Angela Natividad's Live & Uncensored!

03 January 2017

Inklust #22: A Distributed Entity


Can one meet a distributed entity in any meaningful sense?
River of Gods, Ian Mcdonald

River of Gods was one of my favourite books of 2016. It takes place in a time when AI can (and often does) have a sense of self, an identity and capabilities that surpass us in a way we perceive as dangerous.

But it also posits that our sense of identity, our sense of self, is so fundamentally different from that of an AI that we can't even approach each other from the same rational framework. Mankind is characterised by slow data transmission: We have to go places, physically send things or speak in order to convey information, or make it travel.

An AI simply copies itself. It's an entity outside space/time; in the book, one AI assistant can be in many places at once, managing your live press conference in one locale while, elsewhere, answering emails, scheduling meetings and picking up calls.

The quote above is a fundamental question that highlights the difference between us and them: Can you actually know (and thus trust) an entity that can be here meeting you, but could conceivably also be here in a thousand other places at once?

In the film Her, this was one of the sticking points for our protagonist. He's having this big conversation with his sultry-voiced OS, a relationship-defining conversation, and he's thrown off by the fact that, however sincere and invested she seems, she's also having a hundred other discussions simultaneously. We can't quite do that, even on our best multi-tasking day.

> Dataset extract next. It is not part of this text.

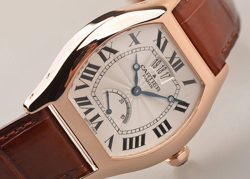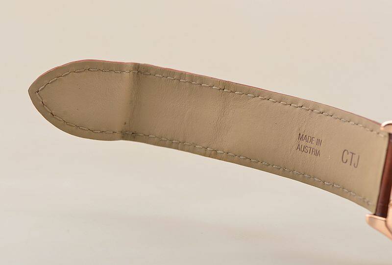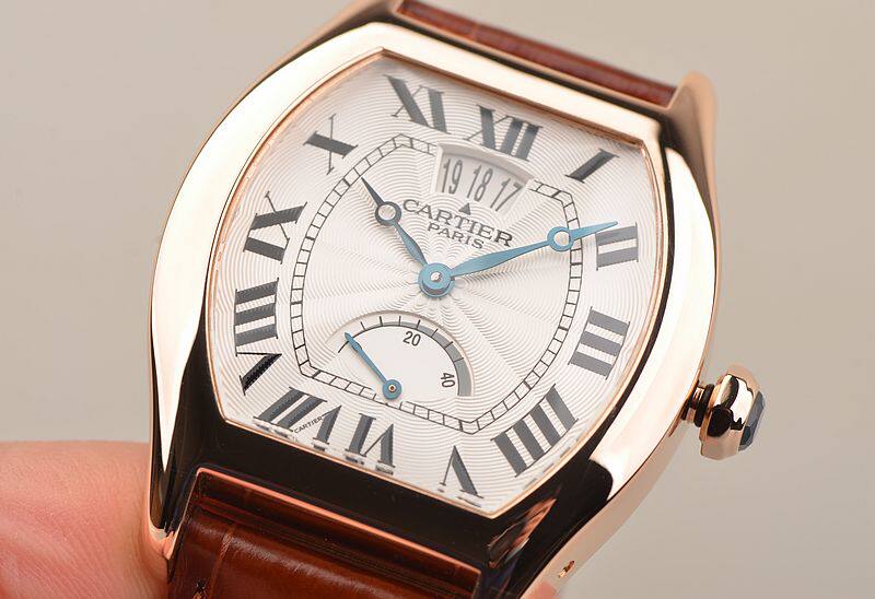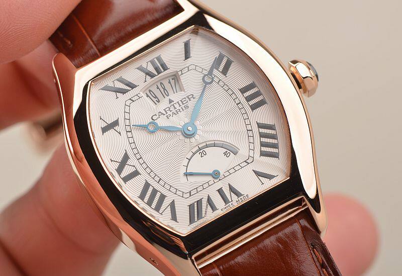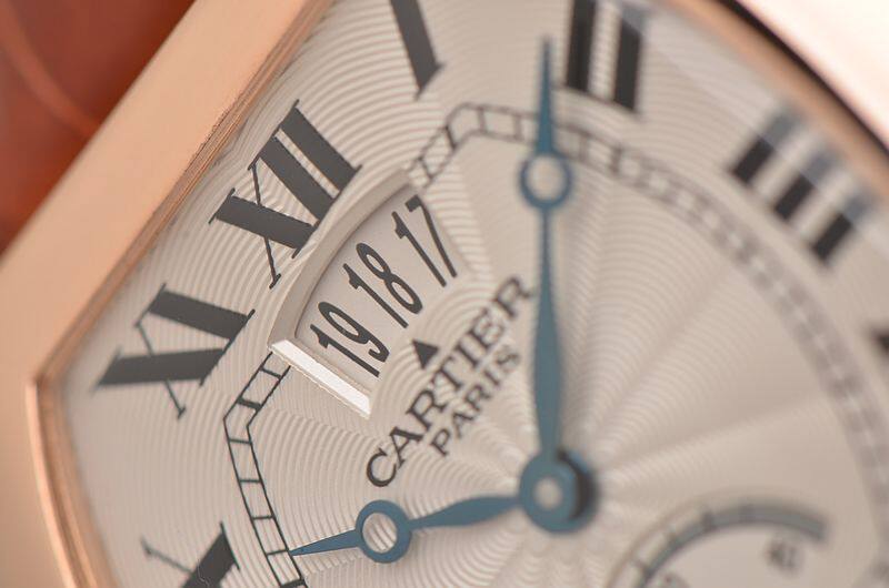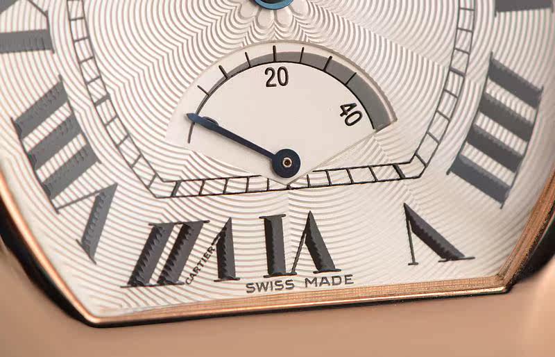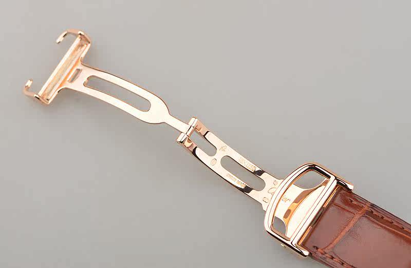 18K玫瑰金表壳及折叠式表扣,圣伯纳狗头印记。原厂棕色鳄鱼皮表带成色极新。蓝宝石水晶镜面及底盖,立体白色雕花表盘,黑色罗马刻度,蓝钢宝玑式指针。12点位大日历窗口,6点位指针式动力储备显示。蓝宝石表冠。口径43MM*34.5MM*10.7MM,相当于圆表36MM左右大小。防水30M。

But today the quote stuck out to me because I started thinking, well, we all do that anyway, within the realm of what is possible. The person I am to my parents is different from the one I am to my close friends, or people who know me exclusively online. Even if we were all to meet in the same room, some people may feel shades of the Angela they don't know, but mostly their existing picture of me would remain intact. 

With this in mind, the biggest difference is that an AI can be all these Angelas simultaneously—having dinner with my parents in California while attending a meeting here in Paris. 

We don't fear artificial intelligence because of its failure to meaningfully relate; we fear the way it challenges our own limitations, our mortality—the way we are enslaved to space/time.

From this angle, it seems petty. My hope in 2017 is not to want to be more than what I am. It doesn't seem to guide us toward anything good. (In River of Gods, it leads to war.)